LBTS-εpsilon (version 2015)
This page describes an old version of the computer (corresponding to the year 2015).
For a description of the current implementation, follow this link
LBTS-εpsilon (version 2015)
A compact single-user supercomputer
31 Tflops (at FP32 precision)
256 GB RAM (max in single motherboard)
12000+ math coprocessors (FPUs)
100% allocated to the research of LBTS
LBTS-εpsilon is our own small supercomputer, which design combines "relatively affordable and small" (hence the name) with "massively parallel supercomputer".
Smallness & affordability produce the key advantage of not having to share the computer with different research groups: its resources are allocated 100% to us. As a consequence, and in spite of being a modest machine when compared with todays' most powerful computers, LBTS-εpsilon gives us forefront numerical calculation capabilities (see comparisons).
The computer has a hybrid architecture composed by CPU processors (x86_64 instruction set, 64 cores distributed in three nodes) plus GPGPU cards configured as mathematical coprocessors (nVidia CUDA, 12288 cores total in three nodes, one FPU per core). The system is optimized for math operations at FP32 precision, in which it delivers 31Tflops max computing speed. (It is able of 2.7Tflops at FP64 precision; for comparison, a typical x86_64 core is able of about 0.01 TflopsFP64, 0.02 TflopsFP32).
Usually, other supercomputers serve hundreds of researchers simultaneously. In these computers, each investigation benefits from only a small fraction of the total computing capabilities. The 31Tflops math performance of LBTS-εpsilon suffices to nominally enter in Spain's top-10 list of supercomputers but, in practice, the main benefit of our setup derives from its single-user character: This is illustrated by the table below, comparing LBTS-εpsilon with some typical supercomputers. In that table, the main figures of interest are the Tflops per user and the maximum RAM memory in a single motherboard. The first determines the speed seen by each computing job. The second determines the size of the largest problem that can be efficiently handled by the computer (i.e., without the performance bottlenecks of node interconnects and/or scratch disk accesses). LBTS-εpsilon is very competitive in both aspects.

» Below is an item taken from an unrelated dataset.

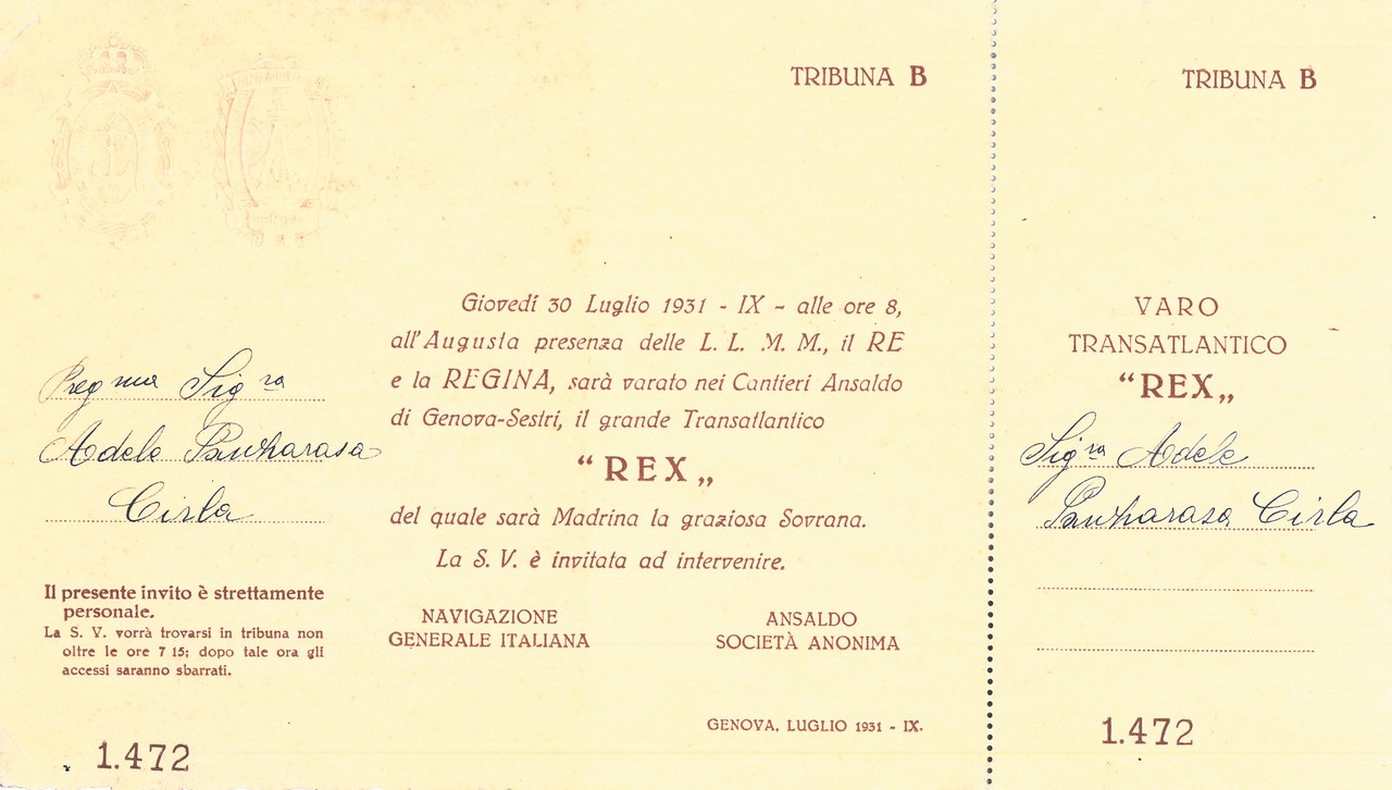 Rex (t/n) - biglietto di invito al varo del transatlantico

|computer||peak computing speed (FP32)||number of math cores (i.e., FPUs)||typical number|
|Tflops per user||max RAM in single board|
|31 Tflops||12288||1||31||256 GB|
(top computer in Spain,
29th worldwide in 2013)
|2034 Tflops||48896||58 ||35||32 GB|
(top computer in Galicia)
|32 Tflops||2528||345 ||0.1||128 GB |
( 1 TB  )
Table valid as of May 2015. Footnotes:
 Number of research projects accepted by the access comitee in february 2015.
 Number of users acording to the 2012 annual report.

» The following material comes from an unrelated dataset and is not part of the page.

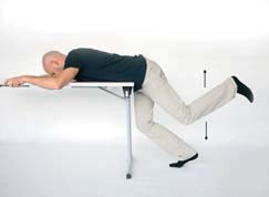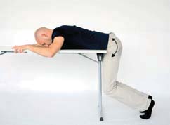 Opis: Połóż się na brzuchu, na blacie stołu. Nogi ugnij w stawach biodrowych i kolanowych, koniuszki palców do-tykają podłogi. Rękami złap za krawędzie stołu. Napnij mięśnie odcinka lędźwiowego, postaraj się nieznacznie unieść miednicę do góry, nie pomagając sobie przy tym nogami. Wytrzymaj kilka sekund, rozluźnij, opuść miednicę i pośladki w kierunku podłogi. Pamiętaj: 1) Nie powinieneś odczuwać bólu podczas wykonywanego ćwiczenia. 2) Przez większość czasu pozwól, by miednica zwisała swobodnie, a przez 1/3 czasu unieś ją i napnij mięśnie. Liczba powtórzeń: 10 Serie: 3 (jedna seria obejmuje 10 powtórzeń) Rozciągnięcie o średnim i znacznym natężeniu mięśni odcinka lędźwiowego kręgosłupa. |

 The 1 TB space is accessible only with special permission and from a single node capable of 0.5 Tflops.
LBTS-εpsilon has a mixed CPU+GPU architecture, distributed in only three nodes. The "node BIG" is built upon an HP Proliant DL585G7 server with 48 CPU cores AMD Opteron and 256 GB of main RAM. The "node small 1" and "node small 2" are also based on Proliant servers. We performed custom modifications of the power source subsystem of these computers to be able to accomodate a number of CUDA cards larger than originally specified by the manufacturer; the specific cards (nVidia GTX660Ti or GTX570 depending on the node) were chosen for their advantageous performance-per-watt figures.

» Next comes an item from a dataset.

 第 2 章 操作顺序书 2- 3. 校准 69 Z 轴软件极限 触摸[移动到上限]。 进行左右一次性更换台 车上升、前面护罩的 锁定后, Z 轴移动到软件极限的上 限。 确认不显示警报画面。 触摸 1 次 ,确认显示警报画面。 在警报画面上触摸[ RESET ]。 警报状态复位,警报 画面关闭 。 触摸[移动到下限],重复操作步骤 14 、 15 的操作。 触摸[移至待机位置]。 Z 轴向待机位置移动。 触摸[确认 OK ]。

The two small secondary nodes are used for the crucial purpose of developing and optimizing the software routines for each research. The optimization for CUDA coprocessors usually involves calling the corresponding specialized versions of most scientific libraries (CUBLAS, MAGMA or HiPLAR, etc.) or compiling the code against CUDA-enabled math libraries.
If some calculation demands it, it is possible to move further GPU cards from the secondary nodes to the larger one, for a total of 27.8Tflops, 11376 cores in the main node.